Le président de l’Ong Transparency Justice, le magistrat Manlan Laurent, donne dans cette interview, les raisons pour lesquelles les victimes des erreurs médicales préfèrent ne pas poursuivre les médecins.
Recevez-vous des plaintes de personnes qui accusent des médecins d’avoir commis des erreurs à la base de la mort de leurs parents ?
Bien sûr, nous en recevons toujours. Nous avons une salle de réception appelée, « bureau d’écoute » où nous recevons des justiciables qui viennent porter à notre connaissance ce genre de fait. Mais les parents se retractent souvent quand on leur indique la procédure à suivre. Quand vous venez dire qu’il y a eu une erreur médicale et que, c’est parce que le praticien a mal traité votre proche qu’il est décédé, il vous faut des preuves. Nous sommes en matière de droit et il faut établir que le médecin a effectivement commis la faute. Il faut donc des preuves pour pouvoir engager des poursuites. En effet, le juge cherchera à savoir dans le cas qui lui est soumis, s’il existe un acte fautif imputable au médecin et si effectivement c’est cet acte et non un autre, qui a entraîné le décès du patient. Ce n’est pas toujours évident. C’est pourquoi il est important que des éléments solides soient mis à sa disposition.
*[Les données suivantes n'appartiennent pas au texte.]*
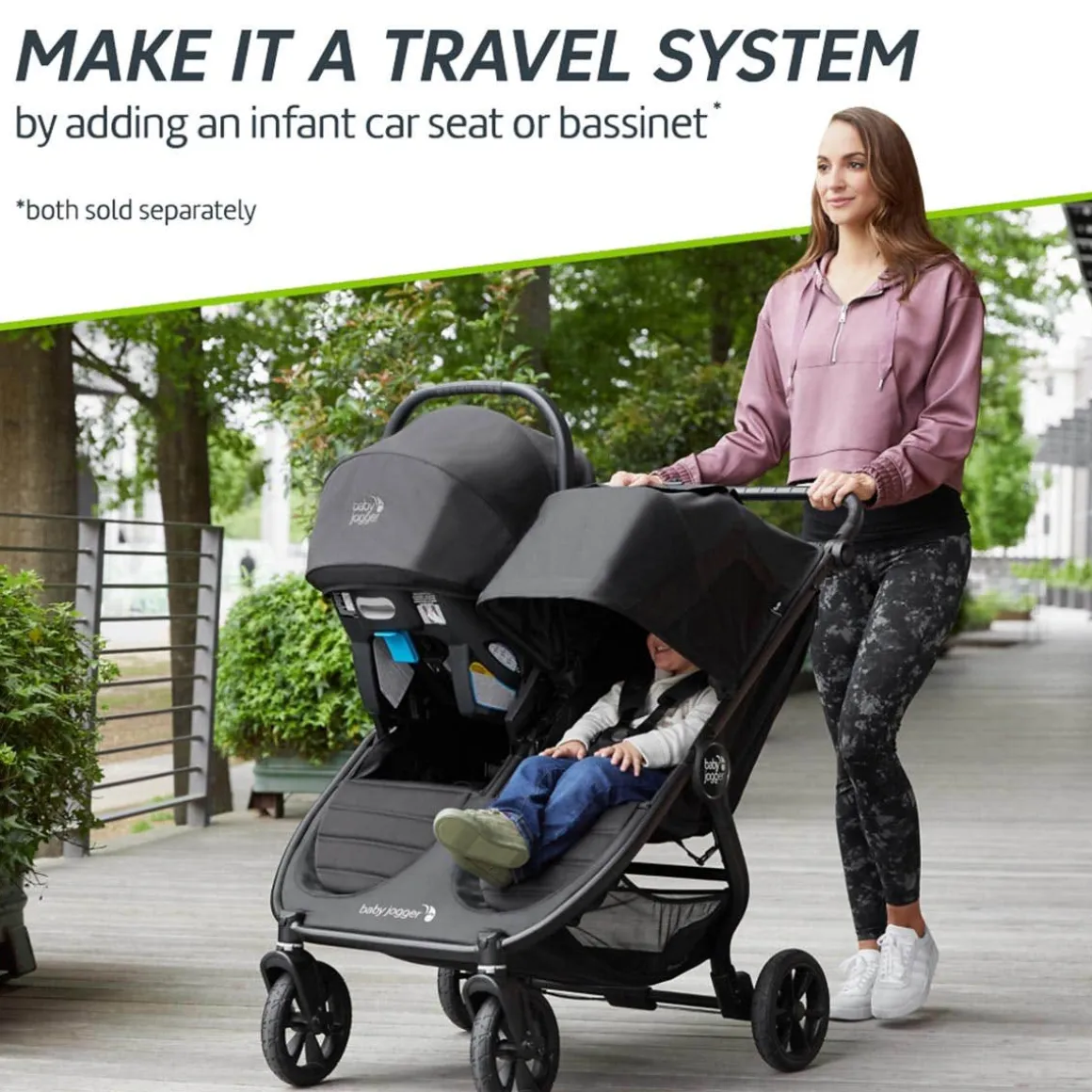 The Baby Jogger® city mini® GT2 Double has an all new design with Forever Air rubber tires and all-wheel suspension providing uncompromised agility on any terrain with two. The signature in-seat fold, adjustable handlebar, and hand-operated parking brake provide you the ultimate convenience while the adjustable calf supports and near-flat seat reclines allow you to find the most comfortable position for your children.
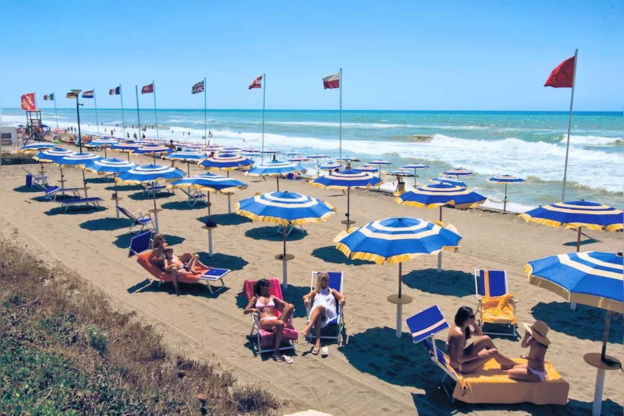 Wat direct in het oog springt is het grote zwembadcomplex met zwembaden. Rond de zwembaden staan palmbomen, wat een tropische aanblik geeft. Verder ligt camping Baia Domizia direkt aan het strand. Dit is één van de meest zuidelijke campings in het aanbod op huurtent.nl. En dat is te merken ook: al heel vroeg in het seizoen zijn de temperaturen aangenaam warm.
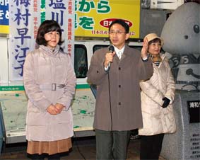 ■臨時国会閉会/JR浦和駅前で街頭宣伝(12月9日) 臨時国会が閉会し、柳下礼子県議や衆院北関東ブロック比例代表の梅村早江子さんと一緒に、さいたま市のJR浦和駅前で街頭宣伝。民主党政権の2年間が問われている。庶民増税や米軍基地のたらい回し、TPP、原発推進など自公政権との違いがなくなっている。アメリカ・財界いいなりという政治のゆがみの大本をたださなければ政治は変わらない。日本共産党を伸ばして、今度こそ政治の転換を実現しよう。 |
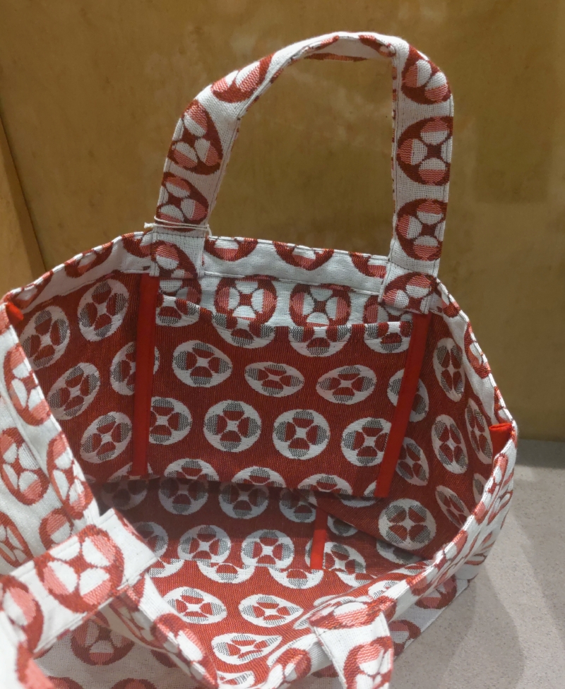 お弁当箱を持ち運ぶのに最適な、しっかりとした帆布に近い厚みの織物バッグ。持ち手までしっかりと米織生地で作られており非常に丈夫で、自立するタイプのトート型バッグです。
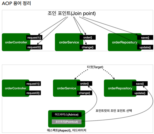 이걸 사용하기 위한 대표적인 프레임워크가 AspectJ인데, 스프링의 AOP가 이 프레임워크의 문법을 차용했다(기능까지 가져온건 아님)
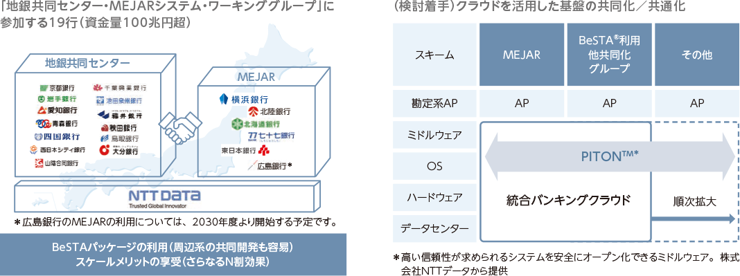 また、2030年度をめどに次期勘定系システムの基盤に関して、NTTデータが構築する国内初のオープン系共同利用型クラウド勘定系システム「統合バンキングクラウド」の利用に向けた検討に着手しました。本取り組みは、2021年11月に発足した「地銀共同センター・MEJARシステム・ワーキンググループ(CMS-WG)」の一環となります。
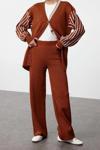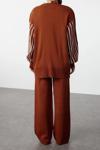 Ersefa Moda Animal V Yaka Balon Kol Günlük Tarçın Desenli Balon Kollu Triko Hırka Pantolon Alt-Üst Takım
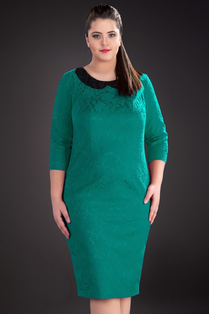 Rochie eleganta, confectionata din jaquard cu un frumos colier de margele aplicat la baza gatului. Rochia se inchide la spate cu fermoar si are maneca trei sferturi.
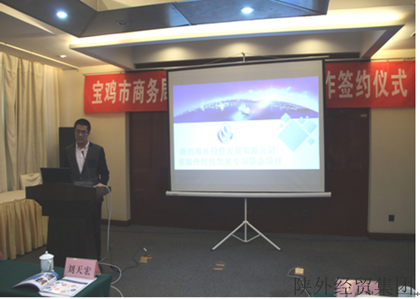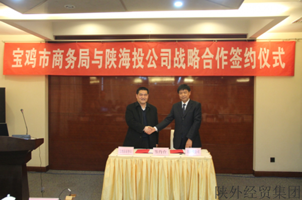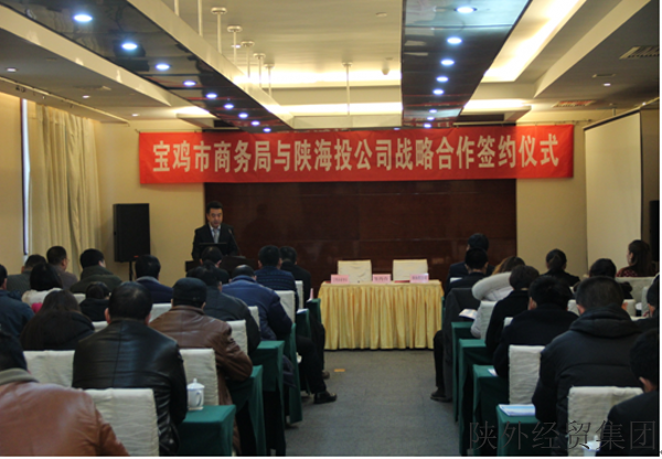 签约仪式由宝鸡市商务局对外贸易管理科王衍奇科长主持,宝鸡市商务局局长刘天宏与陕海投公司董事长丁永忠签署了战略合作协议,宝鸡市商务局副局长巨绪昌发表了热情洋溢的致辞,对陕海投公司在省级外经贸专项资金“拨改投”业务中对宝鸡外经贸企业的支持给予充分肯定,前期双方也经过了多次的沟通洽谈,才促成了本次签约仪式的成功举行,同时也表示签约只是一个开始,今后将会组织更加频繁的对接会,将所辖区域内的外经贸企业组织到一起,进行针对性的培训,助力企业解决“走出去”及融资渠道等问题。

A partir de quels signes un parent doit-il suspecter un médecin d’avoir tué par erreur ?
La faute médicale peut se situer à trois niveaux. Elle peut intervenir dans l’acte de diagnostic, dans le traitement et dans la surveillance du traitement. Dans l’acte de diagnostic, le principe est qu’on ne peut poursuivre un médecin parce qu’il a commis une erreur dans l’établissement de son diagnostic. La simple erreur de diagnostic n’engage donc pas la responsabilité du médecin. Ce qui signifie que si le médecin dit à un patient qu’il souffre de paludisme alors qu’en réalité ce patient souffrait d’une fièvre typhoïde, si ce diagnostic s’appuie sur des examens cliniques (erronés), ce médecin ne peut être poursuivi. Par contre ce médecin le sera si ce diagnostic est établi sans aucune exploration ou recueil d’informations auprès du patient. Dans le traitement, on ne peut reprocher au médecin d’avoir choisi un traitement au lieu d’un autre. Car, le médecin est seul juge de la manière dont il doit traiter ses malades et c’est à lui qu’il appartient de choisir la thérapeutique qu’il estime la meilleure. Cependant, le choix du traitement doit être conditionné par une connaissance de l’état de santé du patient, de ses réactions possibles, une connaissance du médicament, de ses dangers, de sa posologie.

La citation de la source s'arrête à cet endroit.